A estas dificultades se añade un error fundamental en el planteamiento: Gabriel considera erróneamente que la filosofía de la mente contemporánea es una filosofía de la conciencia, cuando lo original del planteamiento actual es el énfasis en la organización funcional –el famoso funcionalismo–, y en dejar a la consciencia en segundo plano. De hecho, esta veta le hubiera aportado un número mucho mayor de historias de ciencia ficción directamente inspiradas en esta idea filosófica: la idea de que nuestra identidad personal se basa en una organización funcional que puede separarse de la materia en que se encuentra realizada. Desde Star Trek y la posibilidad de viajar instantáneamente por teletransportación, a Blade Runner y la posibilidad de conseguir una organización funcional personal con materiales sintéticos, la idea es fascinante y ha impulsado el desarrollo de la inteligencia artificial y la robótica. Sin embargo, el libro es mudo al respecto, a pesar de citar ambas películas en otro contexto. Esta discusión sigue siendo central en la discusión contemporánea, si bien el funcionalismo ha dejado de ser la posición dominante, y ha ido elaborándose una concepción corporalista, extendida y embebida en el mundo, de la mente, temas centrales en la filosofía de la mente del siglo XXI.

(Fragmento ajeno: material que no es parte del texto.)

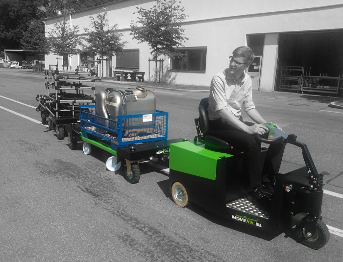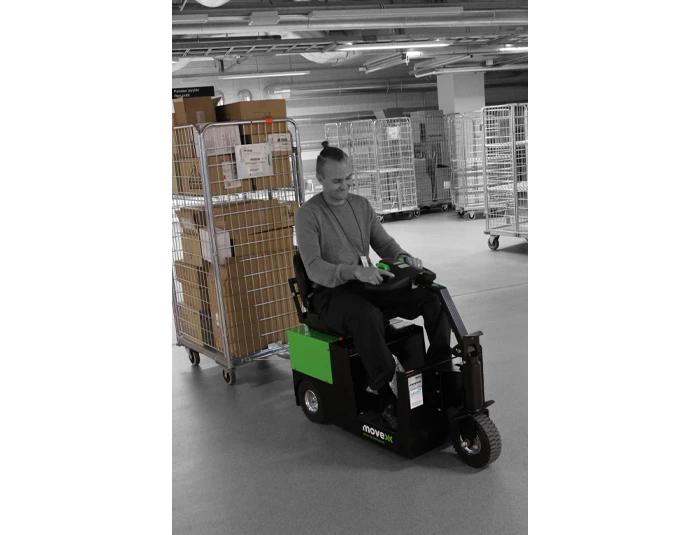 Le CC2500-S est un tracteur pousseur électrique conçu pour faciliter le déplacement de charges lourdes jusqu’à 2500 kg tout en offrant un grand confort d’utilisation. Alimenté par des batteries rechargeables, il est piloté à l’aide d’un timon articulé, l’utilisateur prenant place sur un siège ergonomique et sécurisé pour des manœuvres précises et sans effort.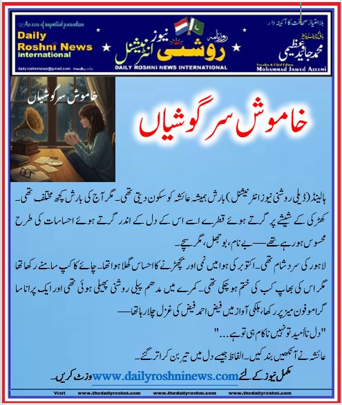 ہالینڈ(ڈیلی روشنی نیوز انٹرنیشنل )بارش ہمیشہ عائشہ کو سکون دیتی تھی۔ مگر آج کی بارش کچھ مختلف تھی۔ کھڑکی کے شیشے پر گرتے ہوئے قطرے اسے اس کے دل کے اندر گرتے ہوئے احساسات کی طرح محسوس ہو رہے تھے — بے نام، بوجھل، مگر سچے۔
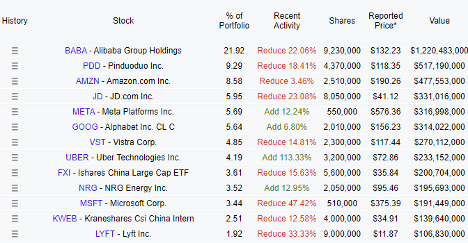 David Tepper is one of the top fund managers with the largest China exposure. Three of his top four positions are Chinese tech companies. Pinduoduo is the holding company of the infamous Temu. Even though he trimmed Alibaba by 1/5, it is still by far his largest position. Similar to Bill Ackman, David Tepper added to Uber.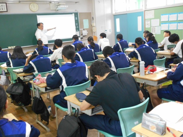 3年生の国語の授業では松尾芭蕉の「おくのほそ道」を学習しています。芭蕉が「おくのほそ道」を書いた時の心情や当時の庶民の生活を考えながら読み進めました。文章に出てくる当時の職業の「船頭」、「馬子(まご)」などはスクリーンに映し出されたイラストを見て理解を深めました。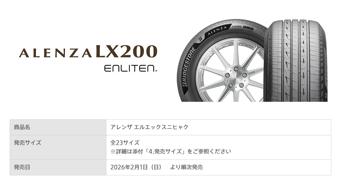 SUV向けプレミアムタイヤ「ALENZA LX200(アレンザ エルエックスニヒャク)」を2026年2月より順次発売します。「ALENZA LX200」は、商品設計基盤技術「ENLITEN」による「究極のカスタマイズ」で、プレミアムSUにふさわしい快適性能と運動性能、環境性能を両立し、上質なドライビング体験を提供する「断トツ商品」です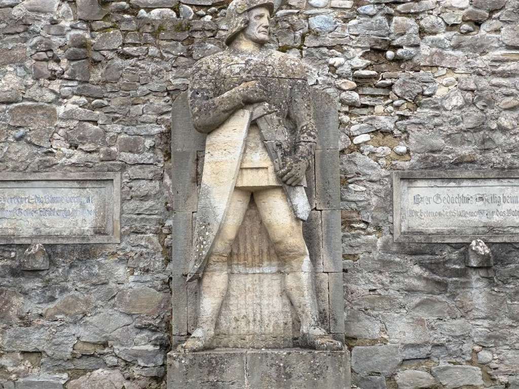 La interior am văzut un mic cimitir cu morminte ale soldaților germani căzuți în septembrie 1916 , vegheate de statuia lui Roland, vestitul paladin al lui Carol cel Mare.

Acabo con el porqué del título. «Yo no soy quien ha escrito esta reseña» puede querer decir que «yo» no se reduce al hecho de haber escrito esta reseña. He hecho muchas más cosas e identificarme por una sola es una simplificación. Por ello, y del mismo modo, «Yo no soy mi cerebro» porque soy mucho más que mi cerebro, no me reduzco a mi cerebro: tengo un cuerpo, un pasado. Pero, del mismo modo que la interpretación inicial es compatible con la verdad de «yo soy quien ha escrito esta reseña», también hay un sentido en el que «yo soy mi cerebro» es cierto. Un sentido que Markus Gabriel rechaza que tenga sentido explorar. ¿O será cosa de su cerebro?

Antoni Gomila Benejam es catedrático de Psicología en la Universitat de les Illes Balears. Es autor de Verbal Minds. Language and the Architecture of the Mind (San Diego, Oxford y Ámsterdam, Elsevier, 2011), y ha editado, con Paco Calvo, Handbook of Cognitive Science. An Embodied Approach (San Diego, Oxford y Ámsterdam, Elsevier, 2008).